Maybe he does feel remorse, but that’s hard for me to believe.
His voice, actions, and treatment of a young girl (that was me) is not the embodiment of someone I believe could have remorse or insight into his own behaviors.
As I write this passage, my stomach is twisting into knots, and little bits of heartburn are seeping into my throat in disgust over the past and the crossroads I face in life today.
I have to make a decision: remain shackled to that event and live the next 50 years of my life just as angry as the last 20 have been, or figure out a way to make peace with this and offer this man mercy.

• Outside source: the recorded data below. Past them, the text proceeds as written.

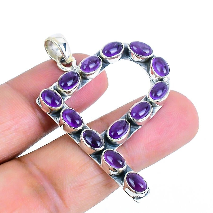 Sage Amethyst Gemstone Solid Silver Crown Chakra Wife Boho Handmade New Pendant
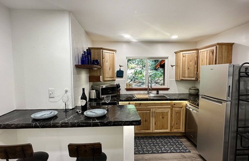 Kick back and relax in this calm, stylish updated space. Direct access to popular Hiking and Biking trails from the backyard. Located right between Historic Downtown Nevada City, and Lake recreation. Only a couple miles up to Scotts Flat lake for boating, swimming, kayaking, and fishing, and only a couple miles down to Nevada City and Grass Valley. Fully equipped for couples and family's to stay for days on end. Pet friendly with a mid-sized doggie door access to large completely fenced yard.
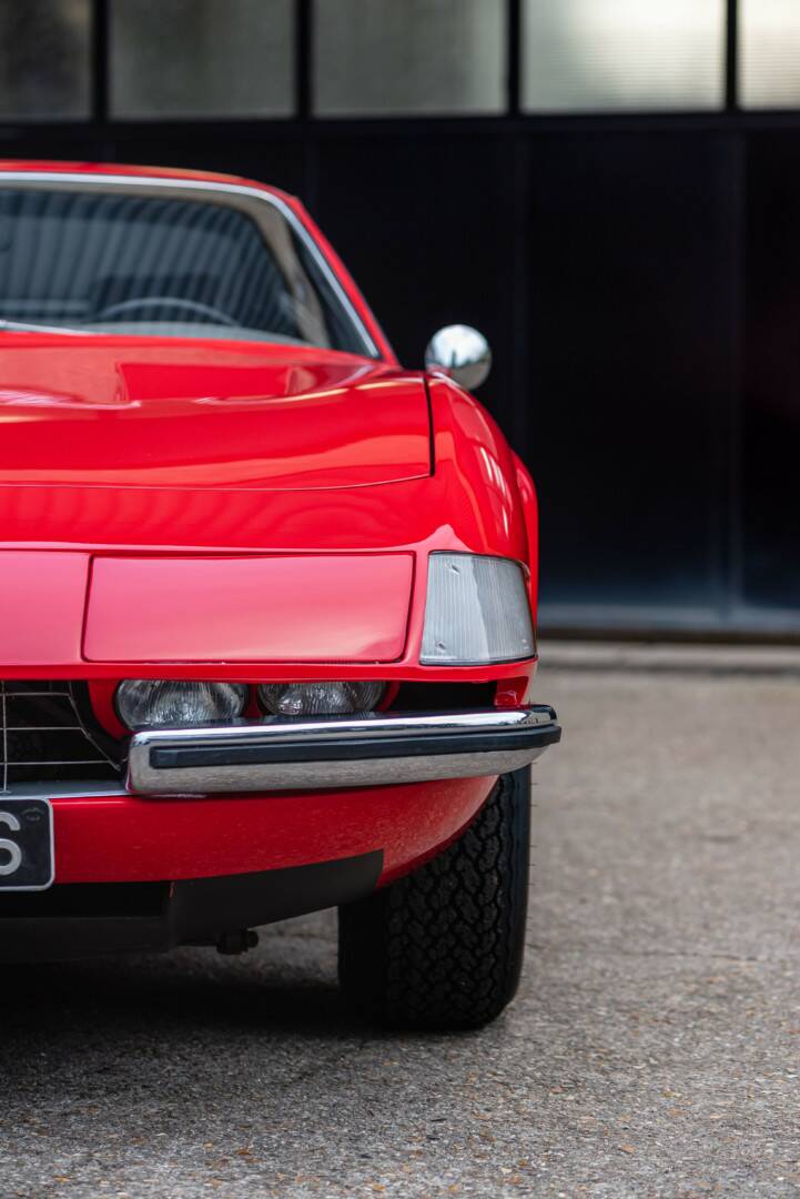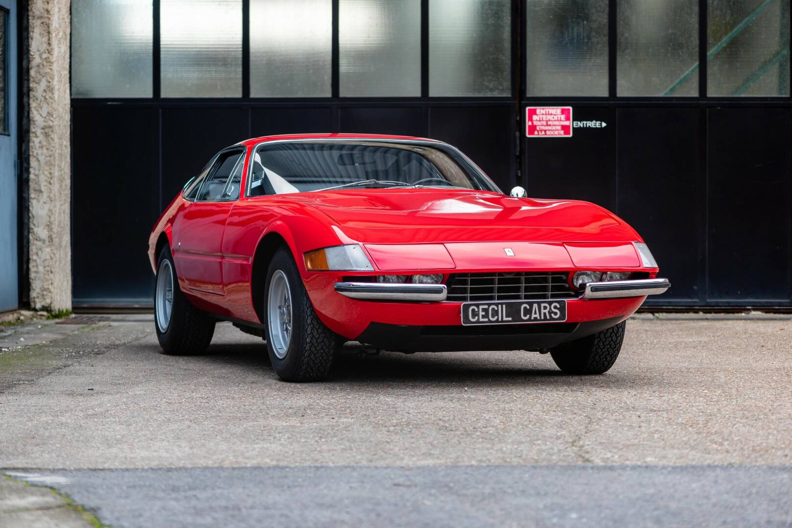 Produite de 1968 à 1973, elle n’existe qu’à 1 406 exemplaires. Elle incarne la puissance et l’élégance à l’italienne. Son V12 de 4,4 litres offre des performances exceptionnelles pour l’époque. Le design signé Pininfarina aux lignes tendues lui confère une allure de supercar avant l’heure. La silhouette est immédiatement reconnaissable et digne des films d’action des années 70. Les premières séries avaient des phares plexiglas, environ 420 unités. Ces modèles sont très recherchés par les collectionneurs. La majorité des Daytonas produites arbore les phares escamotables, signature de l’évolution esthétique Ferrari.

I weighed the option of mercy and still felt it did not apply to this situation, and as such, I sought to further investigate the concept to see if I could, in some way, come to an understanding of the concept of mercy.
Instead, I found grace.
Grace is defined by Your Tango as a spiritual gift that involves love and mercy given to others, even when we feel that they don’t deserve it.

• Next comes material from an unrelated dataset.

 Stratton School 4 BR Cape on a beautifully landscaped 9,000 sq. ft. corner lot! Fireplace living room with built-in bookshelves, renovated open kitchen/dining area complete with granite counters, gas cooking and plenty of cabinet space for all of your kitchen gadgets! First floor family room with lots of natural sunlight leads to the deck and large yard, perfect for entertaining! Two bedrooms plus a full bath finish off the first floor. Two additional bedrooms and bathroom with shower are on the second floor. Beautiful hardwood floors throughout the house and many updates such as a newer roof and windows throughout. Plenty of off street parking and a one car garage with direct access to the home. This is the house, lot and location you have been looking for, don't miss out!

Grace seemed more fitting because I came to the realization that I cannot punish or harm him, nor do I wish to. Ideally, I want him to ask for forgiveness and acknowledge his wrongs. I know that is an unrealistic desire, so what options do I have?

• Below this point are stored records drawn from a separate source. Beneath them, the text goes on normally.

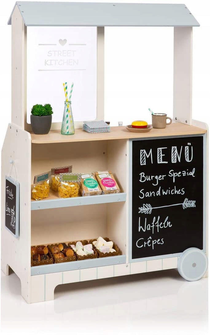 С этого момента вам не нужно выбирать между кухней для детей и магазином - этот продукт просто предлагает оба в одном. А на фронте вы можете представить и продавать товары.
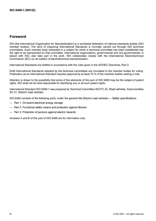 ISO 6469-1:2001 is a standard published by the International Organization for Standardization (ISO). Its full title is "Electric road vehicles — Safety specifications — Part 1: On-board electrical energy storage". This standard covers: Electric road vehicles — Safety specifications — Part 1: On-board electrical energy storage
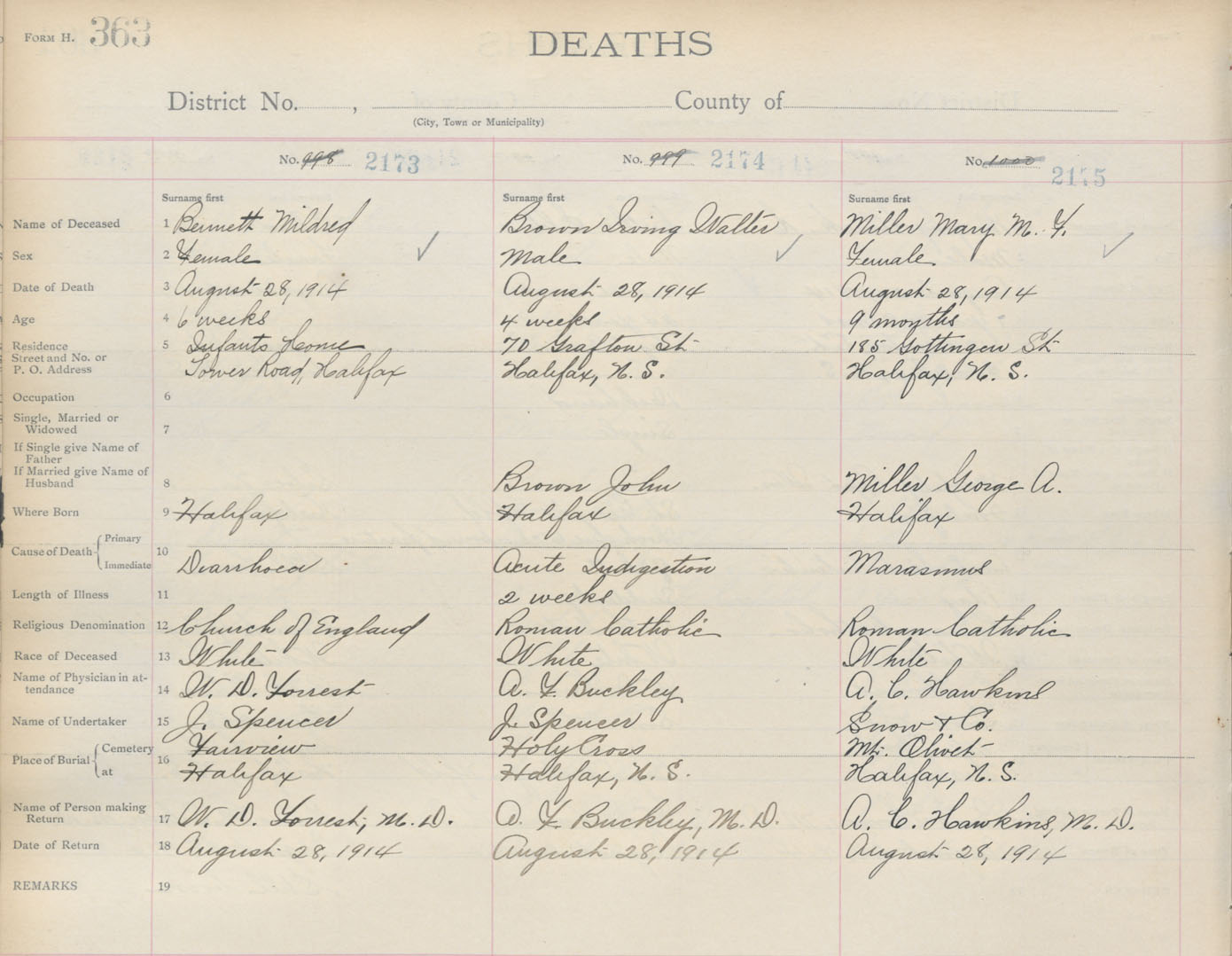 Death Registration: Year: 1914 book: 20 page: 363 number: 2173

Should I remain trapped while staying under the control of a monster, yet instead of him physically holding me down and drugging me, his actions are still controlling me by way of nightmares and triggers?
Do I continue to allow my nights to be filled with flashbacks of his eyes, those of which have burned a hole in my soul and left nothing but blackness surrounding my heart—a fortress I built to prevent myself from ever being truly vulnerable again?
What good has this done me? None.
I begin to search for a reason—a justification—as to what would ever make a young man want to hurt someone like that?
What happened to him, and how could he hate females so much? What kind of mother and father did he have? Maybe his parents were abusive. Do an abusive past and the horrible actions he inflicted upon me excuse him? No.
An intense debate ensued within my mind.
If we’re all doing the best we can with what we’ve got, he must have had some terrible things happen to him to make him mean, violent, and angry, right? Wrong.
There are plenty of people who have suffered at the hand of bad parents and don’t set out to assault someone.
Maybe he was so caught up in peer pressure and being cool that he was trying to show off similar to gang mentality? I will never, ever know.
And then I had a revelation.
What if this were my son? He is now about the same age as my rapist was when it happened.
What if he had made a terrible mistake because he was not in his right mind? What if one night he had way too much to drink and his judgment was completely diminished, and he got caught up in something so horrible and did not even realize how awful it was in the moment because (as many college kids do) he had way too much to drink?
What if a situation just as this one haunted him for the next 20 years of his life? But rather than his life being full of fear and anxiety, it was filled with guilt, remorse, and self-hatred?
Would I want forgiveness for him? Would I want mercy or grace?
I would want all three for my son, and seeing him suffering would ultimately be causing me pain as well.
So I think of this boy who raped me, and I think of his mother, and then I think of me—a wife, a mother, and now a grandmother—a woman who just wants peace. And I came to the realization that it is time to forgive and let it go, not for the boy who hurt me more than words could possibly describe, but for me, for my family, and for his mother—someone just like me. Someone who also, at one time or another, probably yearned for peace and love.
And in that very moment, I felt a weight lifted from within my chest. I took a deep healing breath, allowing it to fill my lungs with life, and opened my heart as I envisioned the fortress begin to crumble.
At that liberating moment, I no longer needed an apology from him, nor did I need to seek revenge, because, through my own form of forgiveness, I was granted a life free from anguish and pain.
God wanted this for me. God wants this for all of us. So tonight, I am heeding God’s call to forgive and setting myself free.